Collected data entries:

*** Begin section ***

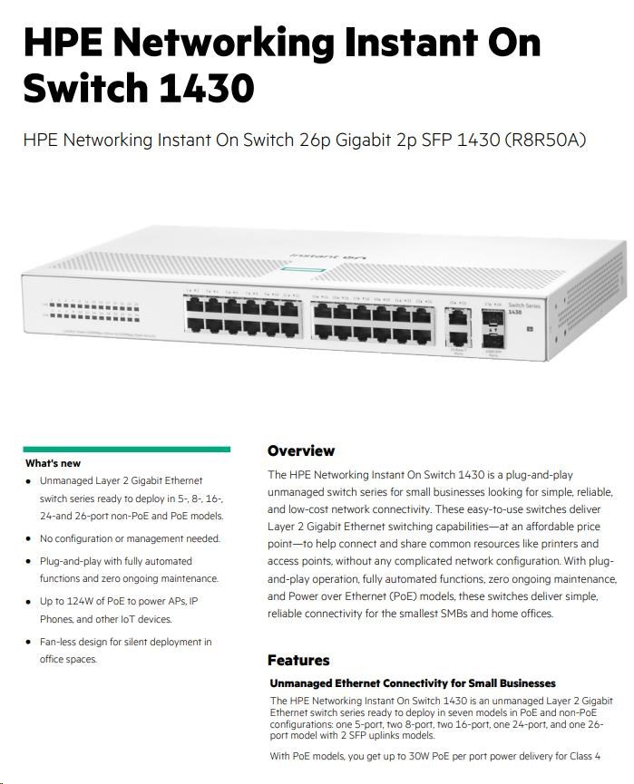 | Model | HPE Networking Instant On 1430 — 26p Gigabit + 2 SFP |
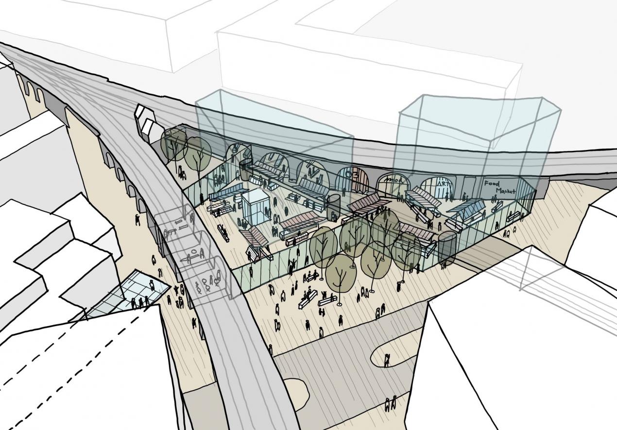 One of the most challenging tasks of the brief was to resolve the complex transport interchange hub encompassing the bus station, metro station, nearby railway station and public transport links, alongside good pedestrian and cycle connectivity within and beyond the site boundary. The vision works with the concept of integrating these transport structures into the urban grain and exploiting their potential to re-connect the area. The bus station is therefore brought as close as possible to the lobby of the metro station and at the same time naturally connected to various points in the surrounding street network. Moreover, it forms a passage increasing the permeability of the urban structure.
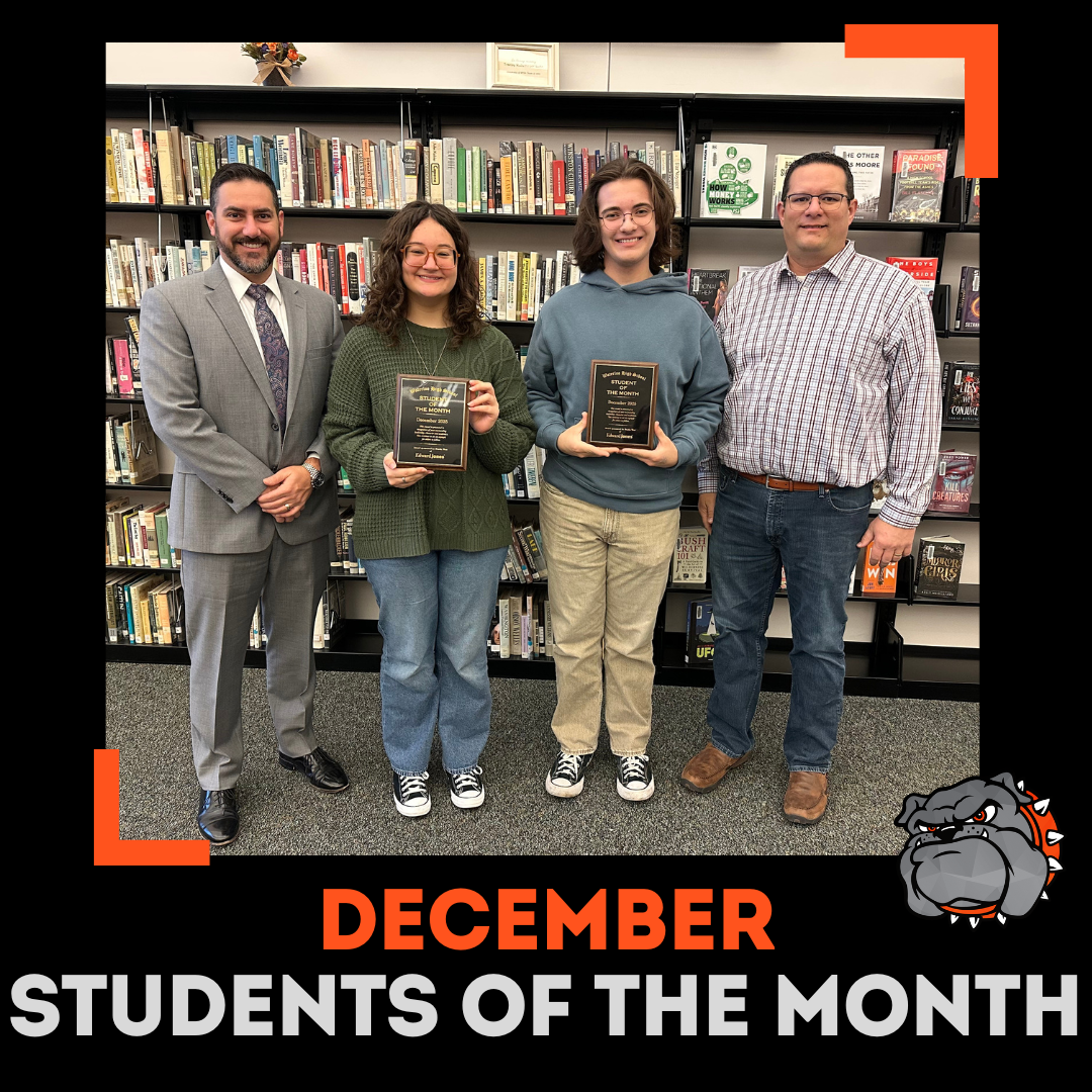 Congratulations to the December Students and Staff of the Month! Seniors Sydney Nonn and Drake Burgdorf were awarded, as well as Mr. Biffar. Thank you to Dustin West for sponsoring. Go Bulldogs!
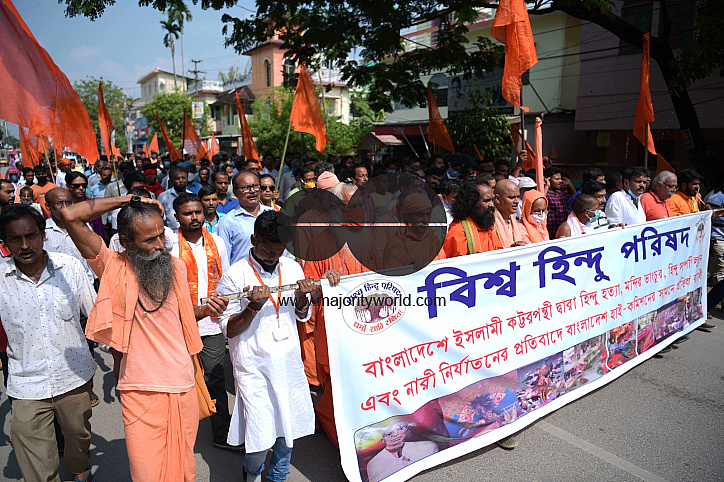 Agartala, Tripura. India protest, members of Vishwa Hindu Parishad, Indian right-wing Hindu organisation, Hindu nationalism, protest rally, temple vandalism, temples in Bangladesh, Bangladesh visa office india, protestors, demonstration in india, Indian p
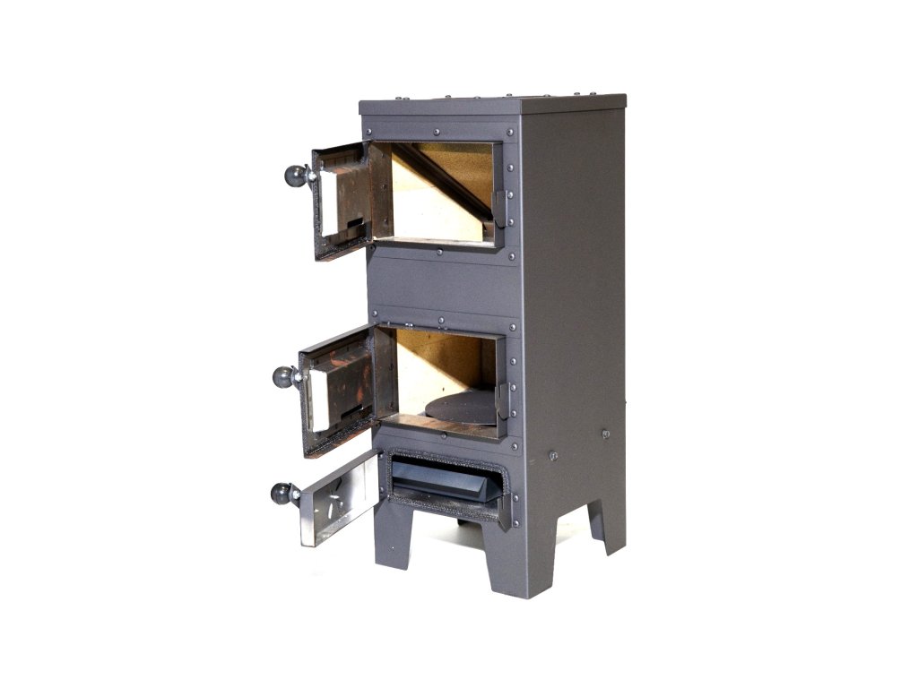 A szerkezet acélból készült, az égéstér samott- és vermikulit lapokkal van bélelve, a rostély pedig öntöttvasból van, 20 × 23 cm méretű.

*** End section ***

## Task
Begin at the first line of the entries and end at the line containing "Congratulations to the": write out each line exactly, skipping pictures.

## Answer for the task
 | Model | HPE Networking Instant On 1430 — 26p Gigabit + 2 SFP |
 One of the most challenging tasks of the brief was to resolve the complex transport interchange hub encompassing the bus station, metro station, nearby railway station and public transport links, alongside good pedestrian and cycle connectivity within and beyond the site boundary. The vision works with the concept of integrating these transport structures into the urban grain and exploiting their potential to re-connect the area. The bus station is therefore brought as close as possible to the lobby of the metro station and at the same time naturally connected to various points in the surrounding street network. Moreover, it forms a passage increasing the permeability of the urban structure.
 Congratulations to the December Students and Staff of the Month! Seniors Sydney Nonn and Drake Burgdorf were awarded, as well as Mr. Biffar. Thank you to Dustin West for sponsoring. Go Bulldogs!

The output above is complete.